To find out more about how these bats move on the ground, Riskin traveled with Prof. John Hermanson, biomedical sciences, and field assistant Gerald Carter ’05 this past summer to Trinidad, an English-speaking island in the Caribbean where vampire bats are considered a pest species.

Once on the island, the researchers caught vampire bats by laying nets around cows, whose blood these bats feed upon. They put the bats on a special treadmill in a plexiglass cage and filmed the animals’ movements on the machine as its speed gradually increased.

At low speeds of 0.12 to 0.56 meters per second (0.27 to 1.3 miles per hour), the vampire bats tucked their wings out of the way and walked on their wrists and feet in a way similar to dogs.

What surprised him, Riskin said, was that “when the treadmill got going really fast, they started running.”

At speeds of 0.28 meters per second to 1.14 meters per second (0.63 to 2.5 miles per hour), the vampire bats broke into their unique, forelimb-driven bounding gait.

Carter, who was filming the bats at the time, was completely taken aback.

He recalls asking the other two, ‘”What is that? What are they doing?”‘

“I was expecting that they would give me some kind of answer, but they just looked at each other and everyone had their eyes wide open,” he said. “That’s when I realized that if they had never seen it, no one had seen it.”

His thought at that moment was, “Wow, we’re the first people in the world to see a bat running in that way.”

“It’s like a front wheel drive, that’s what Dan calls it,” Carter said about the bats’ motion.
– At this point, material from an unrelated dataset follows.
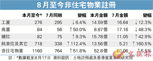 車位是磚頭買賣的一個環節,特點是入場費低又有穩定回報,正是高樓價下的投資出路。港置行政總裁李志成表示,因純車位拆售帶動下,純車位及其他類別8月至今錄718宗註冊,較7月同期的338宗激增約1.1倍,增幅凌厲;涉及...
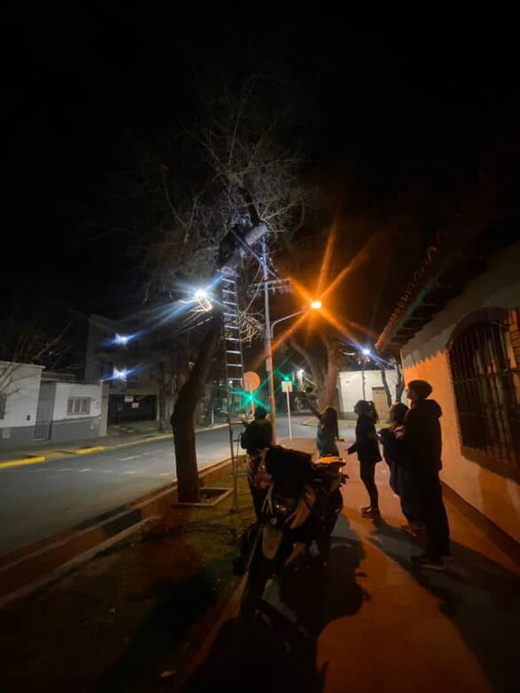Según indican los vecinos, el gato se encontraba varado en la cima del árbol al menos durante algunos días. Uno de ellos llamó a los Bomberos para que logren intervenir con sus escaleras. Sin embargo, los efectivos no lograron bajarlo porque, temeroso, el animal se subió aún más arriba.

Riskin and Hermanson explained in the science magazine Nature, where their study was published, that the bats have this unique gait because ” … the forelimbs instead of the hindlimbs are recruited for force production as the wings are much more powerful than the legs.”

“On a bigger treadmill, [they] could go at least twice as fast as we had them going,” Riskin said.

Unlike cats and dogs that inherited their ability to run from a common ancestor, “vampire bats evolved the ability to run by themselves,” Riskin said. He believes they may have done so in the days when they were feeding on animals smaller and nimbler than cows, pigs and horses. If their prey moved away as they were feeding, vampire bats could just run a short distance after them instead of flying to catch up with them.

These bats’ terrestrial agility comes in handy when they maneuver around prey many times larger than they are. Cows, for example, can step on them and crush them if they do not get out of the way.

“Vampire bats are good on the ground because it’s very dangerous … they need to be quick,” Riskin said.

Footage of the bats running was an eye-opener for many biologists.

“I was totally surprised,” said Thomas Kunz, a bat expert and director for the Center for Ecology and Conservation Biology at Boston University. “I’m well aware that bats can run … the uniqueness of the discovery is the galloping locomotion they use.” He continued, “It raises questions about what kind of terrestrial locomotion might be present in other bats.”

To help answer that question, Riskin next plans to study the ground movement of an insect-eating New Zealand bat and compare its walk to that of the common vampire bat.

Understanding how these animals move is important, Hermanson said, because “a lot of the information about biology can be translated into other fields.” He pointed out that the Mars Rover, for example, draws upon the locomotion patterns of several animals in its design.